(London Post) The world’s second-largest economy has logged its slowest growth in 25 years. But what does China’s slowdown mean, and how does it affect other countries? Deutsche Welle answers some key questions.
China’s economy is still growing, just at a slower pace. The last few decades were marked by rapid, often double-digit growth in the country’s GDP and a lot of people figured that would go on forever. The country’s appetite for resources – raw materials, energy, etc. – seemed insatiable. The government in Beijing was investing massively in infrastructure. Bridges, dams – you name it – were popping up left and right. Plus, Chinese factories were making goods and exporting them at a really fast clip.
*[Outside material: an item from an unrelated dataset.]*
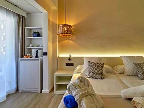 This pleasant hotel is located on Paguera’s seafront Boulevard in the center of the resort. It offers air-conditioned rooms with a balcony, most with sea views and some has terrace, 66 feet from Palmyra Beach. The Paguera Treff’s spacious rooms feature Mediterranean-style decor and all come with satellite TV, a safe and a full private bathroom. Free Wi-Fi is available throughout. The hotel serves a buffet breakfast and has a restaurant offering regional cuisine. Starters and desserts are served buffet-style, while main dishes are à la carte. There is also a bar area and terrace. You can hire a car or bicycle, or going snorkeling and diving at the beach. The Andratx Golf Resort is 10 minutes’ drive away and you can reach lively Magaluf by car in 12 minutes. Paguera Treff is located 20 minutes’ drive from Palma and its airport.

There’s a reason consumers around the world can find “Made in China” labels everywhere they look. An overreliance on exports, however, can be unsustainable as it makes a country vulnerable to fluctuations in demand from abroad. Now Beijing wants to wean the economy off its traditional dependence on exports and extravagant infrastructure spending. For that reason, the slowdown is almost entirely a result of internal factors rather than external ones.
Why didn’t anyone warn me about this?
As Mark Williams, the Chief Asia Economist at Capital Economics, notes: A lot of experts and observers had been warning for several years that a slowdown was coming, but their words fell on deaf ears. Even those people who foresaw it may have reckoned with it being more gradual. “The slowdown has probably come a little faster than most people expected,” Williams says. Some experts also have doubts about the veracity of the official growth figures that come out of Beijing. Many analysts take the assurances of China’s chief statistician that his office’s economic data are “true and trustworthy” with a grain of salt. There is any number of things that could skew the numbers, from political pressure to the speed with which the figures are released. Capital Economics, for instance, estimates China’s economy grew by around 4.5 percent in 2015 compared to the year before. On Tuesday, Beijing said it had grown by 6.9 percent – which was still the lowest level of growth in a quarter of a century.
Who cares? Why does China’s economy matter to me?
A lot of that depends on where you are. If you live in China, the implications of a slowdown in economic activity are fairly obvious: Wages won’t rise as quickly and many employees could lose their jobs. If you live in a major commodity-producing country – say, where oil comes from or where rare earths are mined – then a lot of the businesses around you may be in for a tough time as Chinese companies do less spending abroad. Most European countries and the United States shouldn’t take a huge hit, at least not directly, because their economies weren’t exporting much to China anyway. One notable exception is Germany, where bilateral trade ties amounted to more than 150 billion euros($163 billion) in 2014, although even Europe’s largest economy seems to be weathering China’s economic slowdown rather well.
Does the Chinese government know what it’s doing?
Doubts have definitely been raised about Beijing’s ability to lay the groundwork for more sustainable economic growth, particularly after the stock market turmoil of recent weeks. After share prices tanked for the second time in a few days in early January, the director of the Mercator Institute for China Studies in Berlin, Sebastian Heilmann, said in a flash analysis: “The Chinese government’s competence to manage the economy has taken a hard knock, notably also at home, because of the stock market crashes people have kept on seeing.” Since last summer, Beijing has been trying to calm investors by injecting cash into the financial sector and preventing large shareholders from dumping their stock. But those measures have not had the desired effect.